Potential Regulatory Change: Revise the current
regulations to: (1) Limit the ability of a party who did not use the
opportunity to participate in an initial probate proceeding to later
file a petition for reopening; and (2) in a rehearing and reopening
proceedings, make clear the circumstances under which new evidence may
be presented.
Issue 12: Even Small, Simple Estates Must Undergo a Probate Proceeding
Heirs and devisees often express frustration at how long it takes
the Department to process a decedent's estate. One reason that probate
takes time is that the current regulations require cases with any
amount of trust funds to be adjudicated by an OHA decision maker.
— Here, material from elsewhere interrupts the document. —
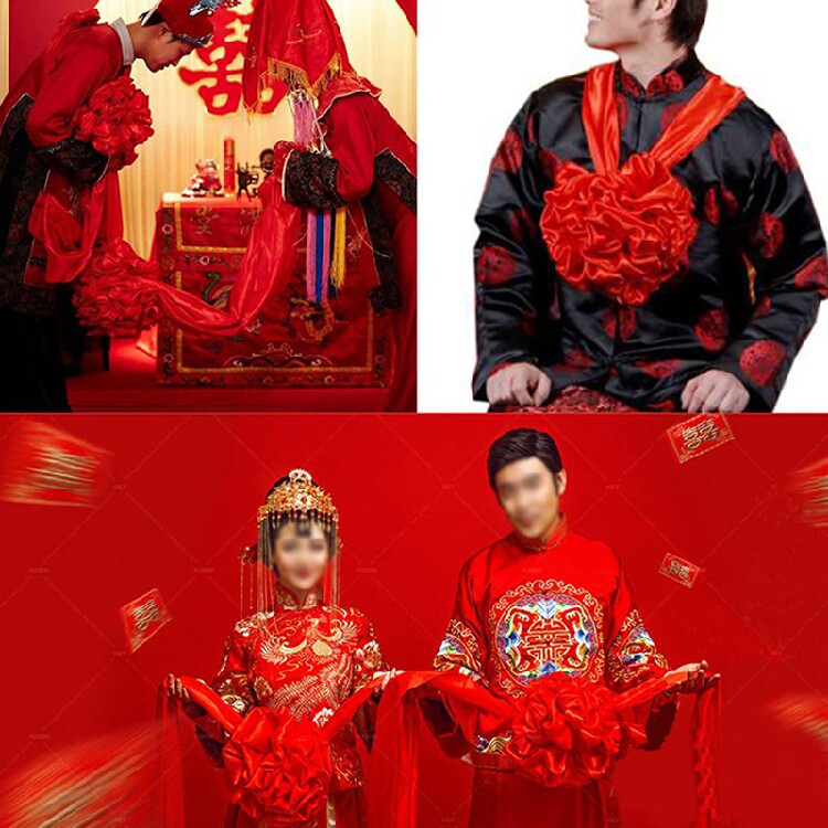 Chinese wedding groom's corsage big red flower satin red hydrangea awards commendation flower ball wedding hand pulling flower ball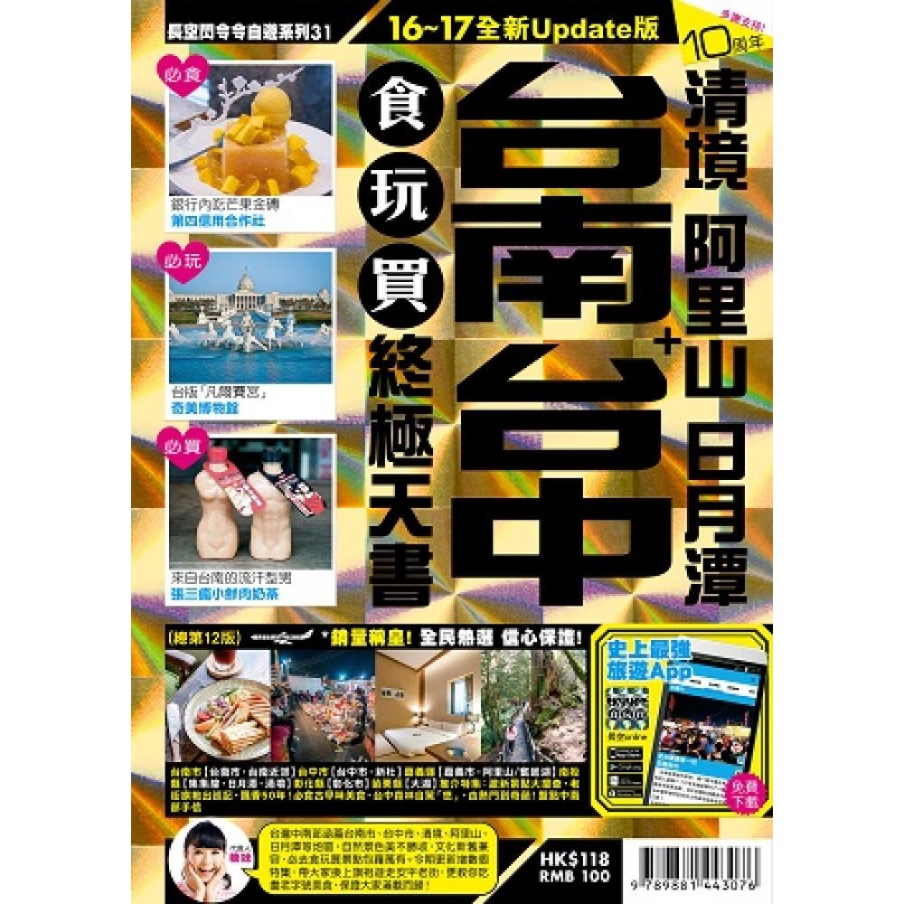 台灣中南部大自然風光優美,文藝氣息濃厚,古早味美食數之不盡,無論對於情侶浪漫遊,或是家庭好友結伴出遊,都同樣適合!舊稱府城的台南市是台灣昔日的歷史人文重心,歷史古蹟眾多,舊建築活化成為復古咖啡廳和文青小商店,而最令人驚艷的一定是台南小吃,擔仔麵、碗粿、蝦捲、虱目魚等經典老府城滋味菜,連城市人都百吃不厭。另外,身為中台灣發展最繁榮的台中市,區內發展各有特色,例如台中車站周邊老城新貌、美術園道和草悟道綠草成蔭,原來,台中不只有逢甲夜市和博物館。當然,玩完市區就要去近郊,感受休閒的原始台灣風情!台灣最後秘境阿里山遠離塵囂,是全台觀賞日出的最佳地方;日月潭終年霧鎖,山湖之景美不勝收;有「台灣阿爾卑斯山」之稱的清境,環境清新開揚,甚有歐洲山區小鎮的情調,深受一家大小歡迎。親親大自然,完全無難度! 長空自遊系列《台南 台中 食玩買終極天書1617》,全書共336頁,由長空記者深入台南市、台中市、阿里山、日月潭和清境等各縣市,更加入長空精選特集,包括「激新景點大搜查」、「老街旗袍出巡記」、「飄香50年!必食古早味美食」和「從熱門到奇葩!盤點中南部手信」等,並附送拉頁大地圖,內容豐富精采多元化!

Potential Regulatory Changes: Increase the scope of
estates that are subject to OHA's summary process, which does not
require a formal hearing (see 43 CFR part 30 subpart I), and/or
determine what would be considered a small estate and, for estates
within that definition, create a streamlined distribution scheme for
such estates.
Issue 13: Current Regulations Fail To Address Implementation of the
AIPRA Provision Regarding Descent of Off-Reservation Lands
AIPRA distinctly addresses the descent of interests in trust or
restricted lands that are located outside the boundaries of an Indian
reservation and are not subject to the jurisdiction of a Tribe. See 25
U.S.C. 2206(d)(2). The current regulations fail to address
implementation of this statutory provision, however, which may be
applied inconsistently or not at all.
Potential Regulatory Changes: Address implementation of an
AIPRA provision (25 U.S.C. 2206(d)(2)) concerning off-reservation
lands. The purpose of such a change would be to ensure consistency and
transparency in OHA decisions, and to increase the public's awareness
about exceptions to the AIPRA rules that exist.
Authority
The Department is issuing this ANPRM under the authority of 5
U.S.C. 301, 25 U.S.C. 2, 9, 372, 373 and the Indian Land Consolidation
Act of 2000 (ILCA) as amended by the American Indian Probate Reform Act
of 2004 (AIPRA), 25 U.S.C. 2201 et seq.
Susan Combs,
Assistant Secretary--Policy, Management and Budget.